1. Load the framework from Google Code

Google have been hosting several JavaScript libraries for a while now on Google Code and there are several advantages to loading it from them instead of from your server. It saves on bandwidth, it’ll load very quickly from Google’s CDN and most importantly it’ll already be cached if the user has visited a site which delivers it from Google Code. This makes a lot of sense. How many sites out there are serving up identical copies of jQuery that aren’t getting cached? It’s easy to do too…

<script src="http://www.google.com/jsapi"></script>
<script type="text/javascript">

    // Load jQuery
    google.load("jquery", "1.2.6");

    google.setOnLoadCallback(function() {
        // Your code goes here.
    });

</script>

Or, you can just include a direct reference like this…

<script src="http://ajax.googleapis.com/ajax/libs/jquery/1.2.6/jquery.min.js"
type="text/javascript"></script>

Full instructions here

2. Use a cheat sheet

Not just a jQuery tip, there are some great cheat sheets out there for most languages. It’s handy having every function on a printable A4 sheet for reference and luckily these guys have produced a couple of nice ones.. http://www.gscottolson.com/weblog/2008/01/11/jquery-cheat-sheet/ http://colorcharge.com/jquery/

3. Combine all your scripts and minify them

OK, a general JavaScript tip here.
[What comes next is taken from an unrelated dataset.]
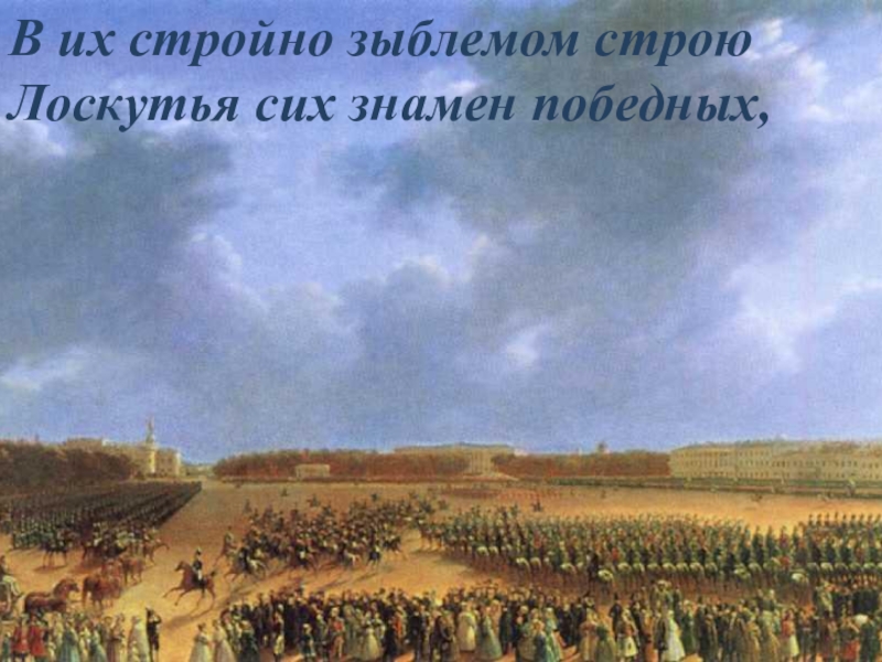 Слайд 52В их стройно зыблемом строю Лоскутья сих знамен победных,

But any big project that uses lots of jQuery probably uses lots of plugins (this site uses easing, localScroll, lightbox and preload) so it’s usually applicable. Browsers can’t load scripts concurrently (well, most can’t, yet), which means that if you’ve got several scripts downloading one at a time then you’re really slowing down the loading of your page. So, assuming the scrips are being loaded on every page then you should consider combining them into one long script before deploying. Some of the plugins will already be minified, but you should consider packing your scripts and any that aren’t already. It only takes a few seconds. I’m personally a fan of Packer by Dean Edwards

4. Use Firebug’s excellent console logging facilities

If you haven’t already installed Firebug then you really should. Aside from many other useful features such as allowing you to inspect http traffic and find problems with your CSS it has excellent logging commands that allow you to easily debug your scripts. Here’s a full explanation of all of it’s features My favourite features are “console.info”, which you can use to just dump messages and variables to the screen without having to use alert boxes and “console.time” which allows you to easily set up a timer to wrap a bunch of code and see how long it takes. They’re all really easy to use too…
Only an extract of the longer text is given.